The software is hosted on Github. It can be installed from pre-built binaries or using the Python package manager pip.
Sebastian Weber, Christoph Tresp, Henri Menke, Alban Urvoy, Ofer Firstenberg, Hans Peter Büchler, Sebastian Hofferberth
"Tutorial: Calculation of Rydberg interaction potentials"
J. Phys. B: At. Mol. Opt. Phys. 50, 133001 (2017)
The strong interaction between individual Rydberg atoms provides a powerful tool exploited in an ever-growing range of applications in quantum information science, quantum simulation and ultracold chemistry. One hallmark of the Rydberg interaction is that both its strength and angular dependence can be fine-tuned with great flexibility by choosing appropriate Rydberg states and applying external electric and magnetic fields.
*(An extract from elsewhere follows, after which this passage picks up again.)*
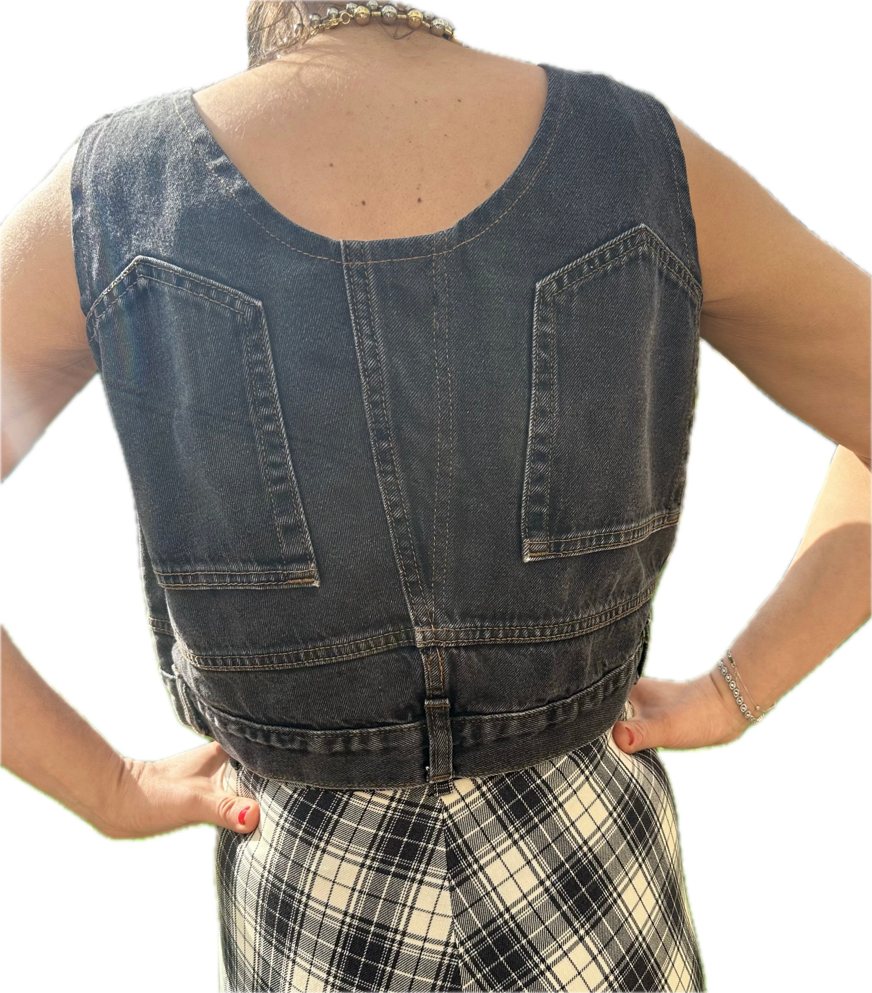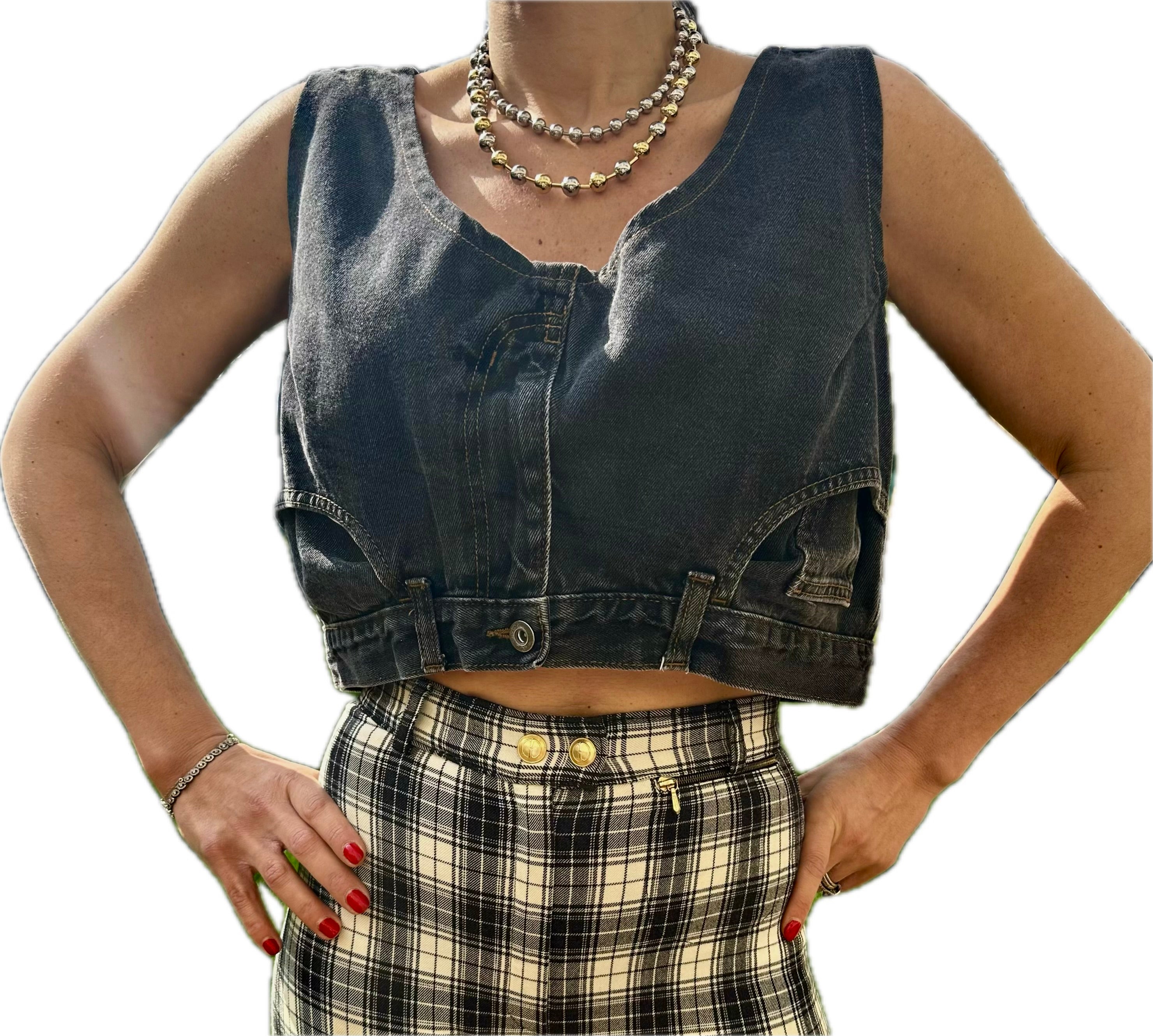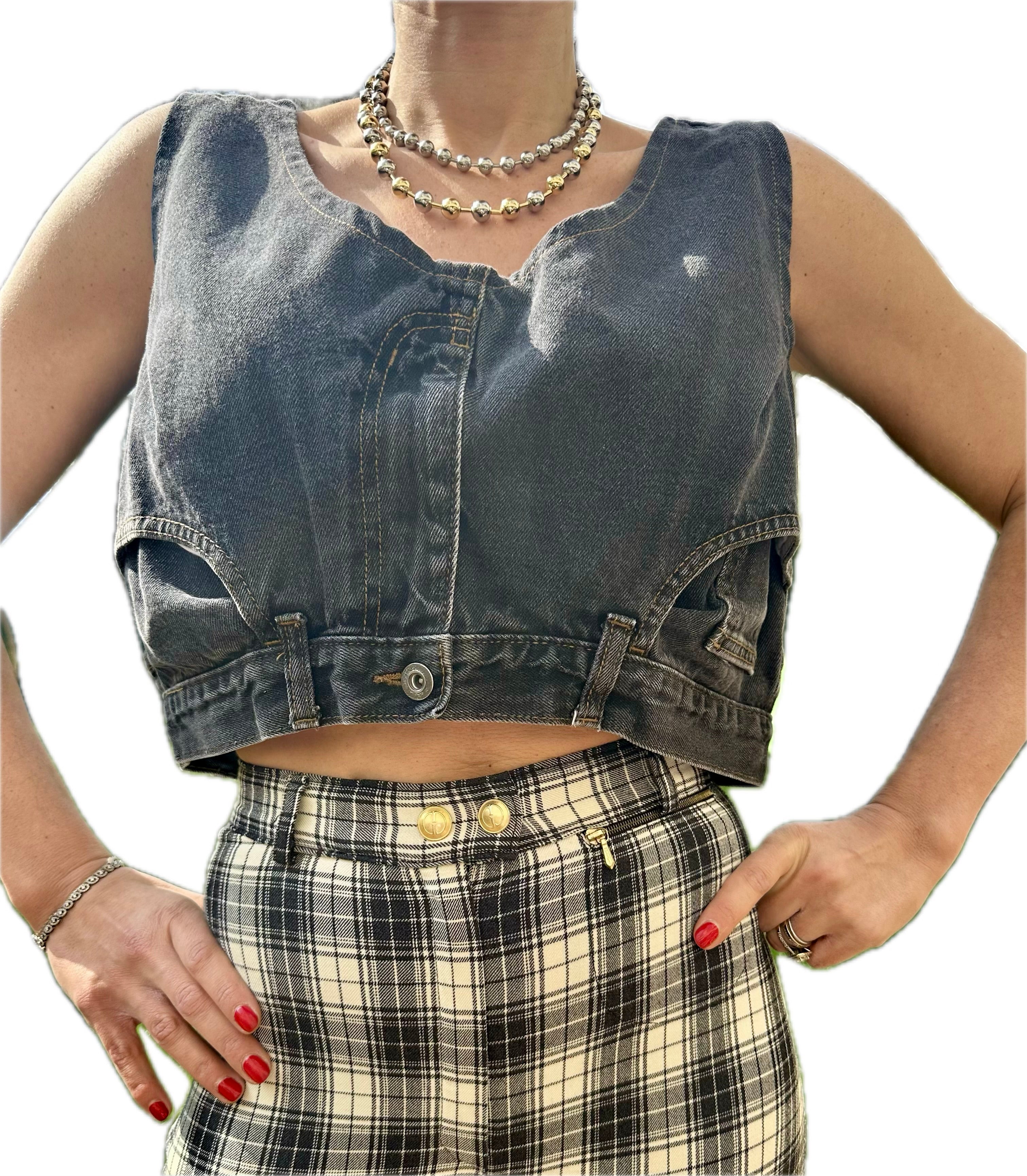 Top en Jean Vintage Customisé - Pièce Unique et Tendance

More and more experiments are probing this interaction at short atomic distances or with such high precision that perturbative calculations as well as restrictions to the leading dipole–dipole interaction term are no longer sufficient. In this tutorial, we review all relevant aspects of the full calculation of Rydberg interaction potentials. We discuss the derivation of the interaction Hamiltonian from the electrostatic multipole expansion, numerical and analytical methods for calculating the required electric multipole moments and the inclusion of electromagnetic fields with arbitrary direction. We focus specifically on symmetry arguments and selection rules, which greatly reduce the size of the Hamiltonian matrix, enabling the direct diagonalization of the Hamiltonian up to higher multipole orders on a desktop computer. Finally, we present example calculations showing the relevance of the full interaction calculation to current experiments. Our software for calculating Rydberg potentials including all features discussed in this tutorial is available as open source.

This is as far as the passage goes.